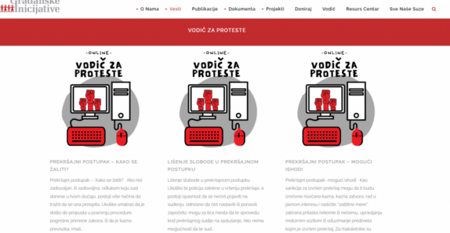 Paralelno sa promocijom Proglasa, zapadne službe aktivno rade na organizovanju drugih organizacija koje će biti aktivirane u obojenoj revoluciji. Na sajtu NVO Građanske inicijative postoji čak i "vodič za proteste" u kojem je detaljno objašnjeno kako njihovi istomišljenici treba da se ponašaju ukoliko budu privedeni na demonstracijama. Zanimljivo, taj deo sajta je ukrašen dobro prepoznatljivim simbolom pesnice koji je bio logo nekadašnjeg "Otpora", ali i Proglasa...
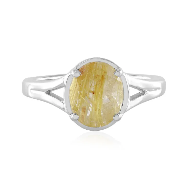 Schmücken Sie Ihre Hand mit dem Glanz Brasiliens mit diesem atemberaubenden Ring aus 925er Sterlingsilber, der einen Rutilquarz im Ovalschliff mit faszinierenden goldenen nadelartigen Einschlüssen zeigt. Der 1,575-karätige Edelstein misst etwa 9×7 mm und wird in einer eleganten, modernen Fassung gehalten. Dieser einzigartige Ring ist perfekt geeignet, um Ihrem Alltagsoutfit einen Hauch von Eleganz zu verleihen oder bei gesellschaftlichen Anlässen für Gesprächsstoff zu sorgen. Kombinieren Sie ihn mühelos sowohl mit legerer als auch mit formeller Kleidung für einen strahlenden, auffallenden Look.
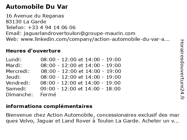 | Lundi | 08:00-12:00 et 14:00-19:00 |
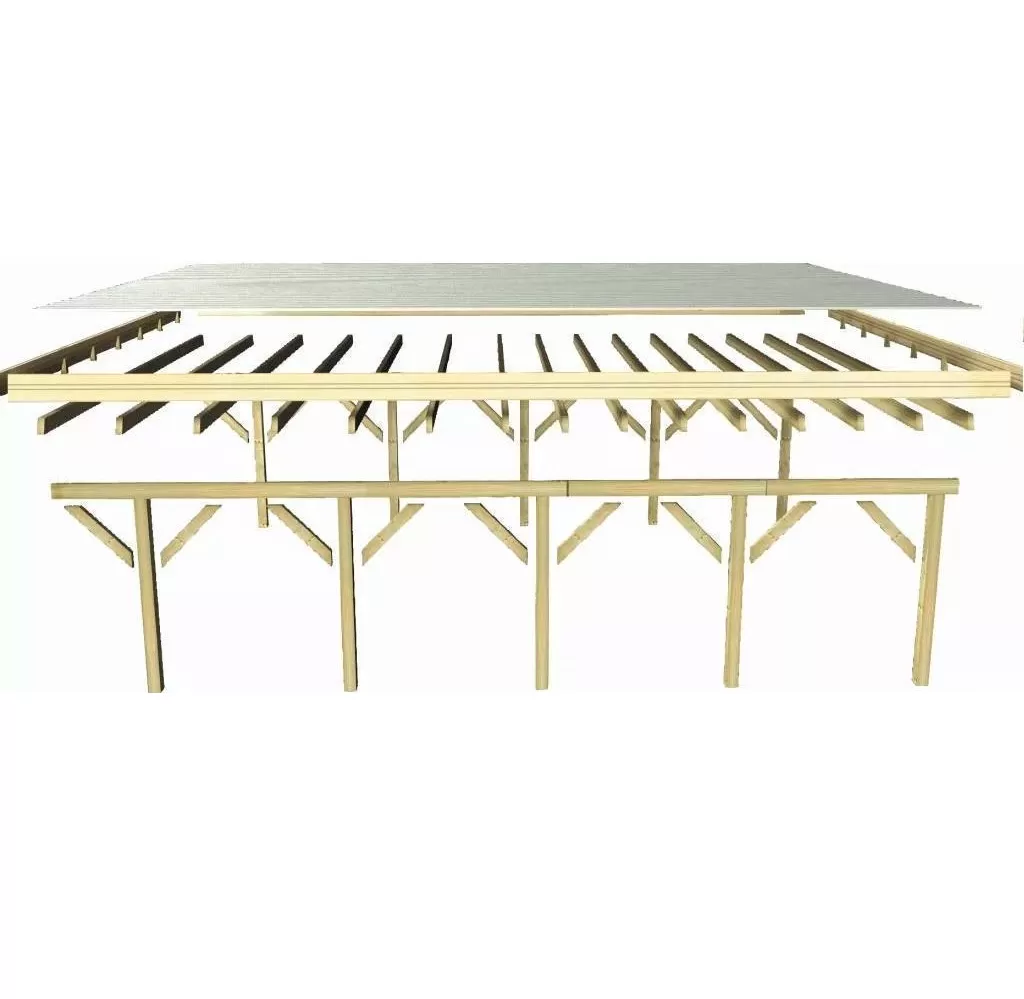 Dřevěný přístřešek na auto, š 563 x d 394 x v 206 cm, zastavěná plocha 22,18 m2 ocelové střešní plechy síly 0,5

THE PROBLEM: Print exactly the span of lines that begins with the line containing "Schmücken Sie Ihre" and ends with the last line of the listing, with no pictures.

RESPONSE TO THE TASK:
 Schmücken Sie Ihre Hand mit dem Glanz Brasiliens mit diesem atemberaubenden Ring aus 925er Sterlingsilber, der einen Rutilquarz im Ovalschliff mit faszinierenden goldenen nadelartigen Einschlüssen zeigt. Der 1,575-karätige Edelstein misst etwa 9×7 mm und wird in einer eleganten, modernen Fassung gehalten. Dieser einzigartige Ring ist perfekt geeignet, um Ihrem Alltagsoutfit einen Hauch von Eleganz zu verleihen oder bei gesellschaftlichen Anlässen für Gesprächsstoff zu sorgen. Kombinieren Sie ihn mühelos sowohl mit legerer als auch mit formeller Kleidung für einen strahlenden, auffallenden Look.
 | Lundi | 08:00-12:00 et 14:00-19:00 |
 Dřevěný přístřešek na auto, š 563 x d 394 x v 206 cm, zastavěná plocha 22,18 m2 ocelové střešní plechy síly 0,5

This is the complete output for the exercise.